In our recent article, “Widespread Antisense Transcription in Escherichia coli” (1), we describe the identification of ~1,000 antisense RNAs (aRNAs) in the model bacterium Escherichia coli. This finding is significant because it suggests that aRNAs represent a major class of regulators in bacteria. Slonczewski expressed concerns regarding (i) the documentation of methods used, (ii) possible contamination of the cDNA library, (iii) insufficient controls, and (iv) failure to consider alternative interpretations of the data (4).
Due to strict space limitations for Observations, we provided only the most relevant aspects of the methods used. A detailed description of the library construction is included at the end of this letter.

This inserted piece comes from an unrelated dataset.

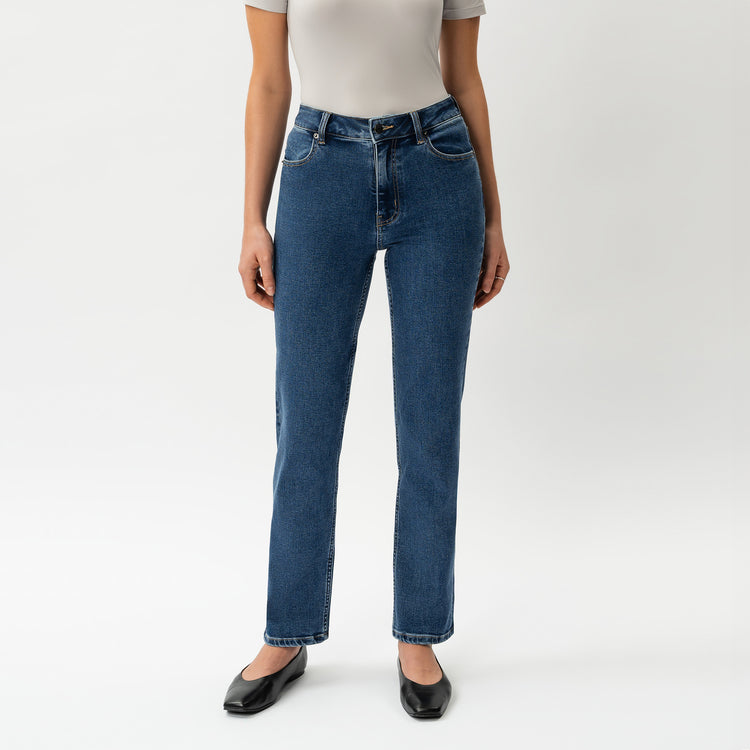 Experience the classic look of denim with the comfort of incredible stretch. Our high-waisted, straight-leg jeans are crafted from a proprietary denim blend that’s both very stretchy and thick, providing the feel of traditional denim with added flexibility. Versatile and perfect for everyday wear, these jeans are a must-have in your wardrobe.

Library construction involved ligation of an RNA linker, reverse transcription, and two rounds of nested PCR. This method effectively eliminates the possibility of contamination by exogenous DNA or RNA. We attempted to construct a control cDNA library from a mock sample lacking RNA. We cloned and sequenced several individual fragments from this library, all of which were products formed by ligation of multiple mutant RNA linker oligonucleotides. Hence, we did not subject this library to high-throughput sequencing. This observation supports the idea that contamination by exogenous DNA or RNA was not a concern.

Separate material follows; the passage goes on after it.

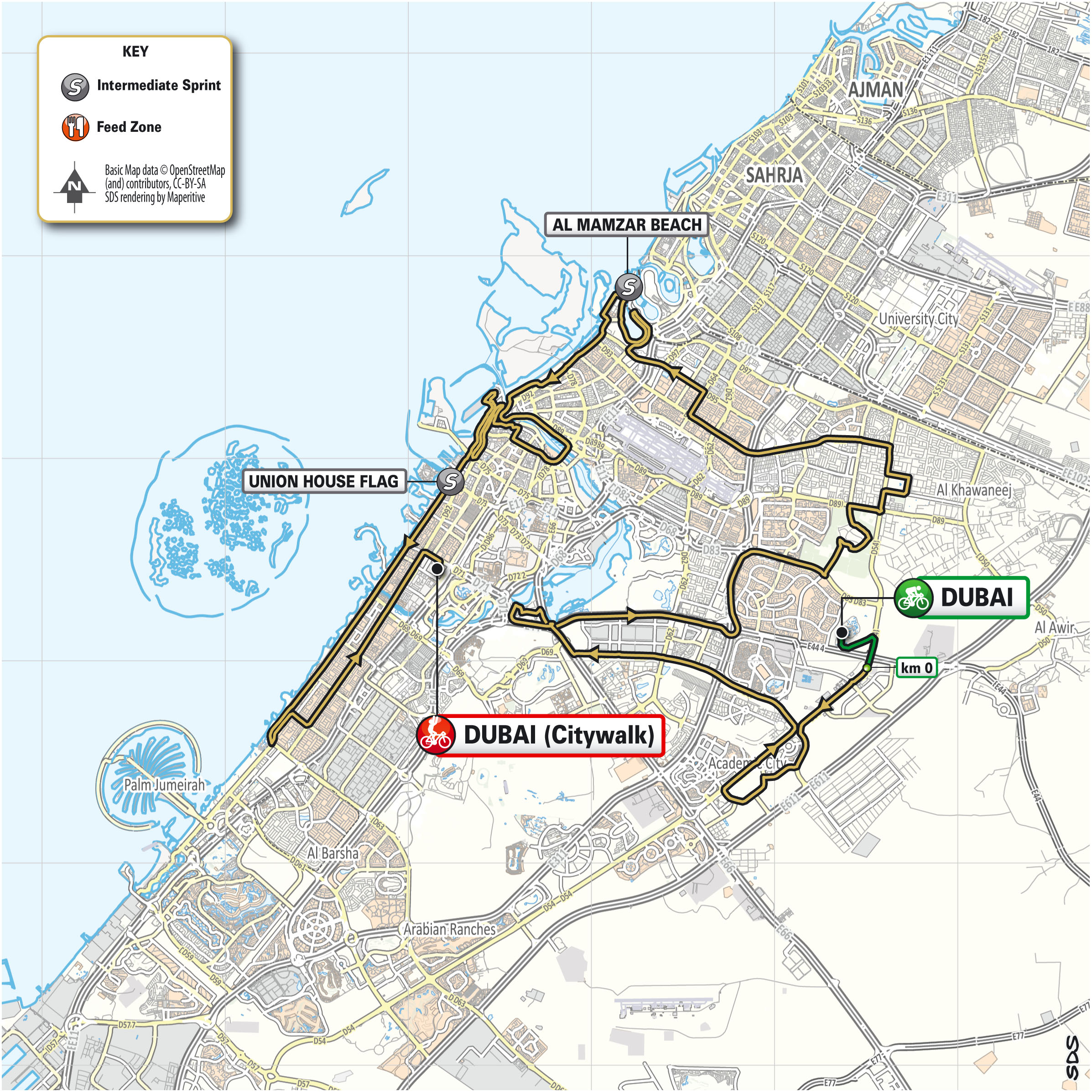 March 1 update: The UAE Tour’s final showdown is through the streets of Dubai, based closely on one of the most popular features of the Dubai Tour. After departure from the Dubai Safari Park the route then grafts on to the familiar course through the Dubai Design District, Mushrif Park, Al Mamzar Beach, Deira, and Rashid Port to reach Jumeirah Road and finish in Citywalk. The final stage is one for the fastest wheels! After leaving Jumeirah Road the route is on wide roads with a final curve at 500m to go, and enters the City Walk, where the finish line is on an 8.5m wide road with square cobblestones. — rcs

As described in the article, we validated the aRNAs using bioinformatic and experimental approaches. Crucially, we demonstrated that (i) putative aRNAs are significantly enriched for “A” at the initiating nucleotide (P < 1e−50) and are indistinguishable in this respect from published RNA 5′ ends (P = 0.40); (ii) −10 hexamers for putative aRNAs have significantly better matches to the consensus sequence than random sequences do (P = 8.8E−102) and are indistinguishable from those of published RNAs (P = 0.49); (iii) 9 of 10 putative aRNA promoters tested resulted in significant expression of a lacZ reporter gene; in all nine cases, expression was dependent upon an intact −10 hexamer, indicative of a functional promoter; and (iv) one of two putative aRNAs tested repressed expression of the overlapping protein-coding gene.

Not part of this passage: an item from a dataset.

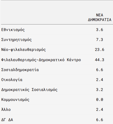 Πηγαίνοντας τμηματικά στους ψηφοφόρους που δηλώνουν πως υποστηρίζουν συγκεκριμένα πολιτικά κόμματα, παρατηρούνται επίσης δομικές αντιφάσεις. Μια από αυτές αφορά τους ψηφοφόρους της Νέας Δημοκρατίας , οι οποίοι σε μεγάλο βαθμό εκφράζονται πολιτικά από τους όρους «Φιλελευθερισμός» και Δημοκρατικό Κέντρο», με μόλις το 10,9% να αυτοπροσδιορίζονται ως «Συντηρητικοί» ή «Εθνικιστές». Την ίδια στιγμή, μεταξύ όσων δηλώνουν ψηφοφόροι της Νέας Δημοκρατίας, το ποσοστό εκείνων που είναι εναντίον στο να θεσμοθετηθεί ο γάμος των ομόφυλων ζευγαριών ανέρχεται σε 51%.

Our data are most easily explained by the presence of a large number of aRNAs and are not consistent with any other reasonable interpretation. We note that no other possible interpretations and no other controls were suggested by Slonczewski.
Lastly, our conclusions are consistent with those of many other studies. In particular, a study in which the authors identified a similar number of aRNAs in Helicobacter pylori (2) was published while our work was in press.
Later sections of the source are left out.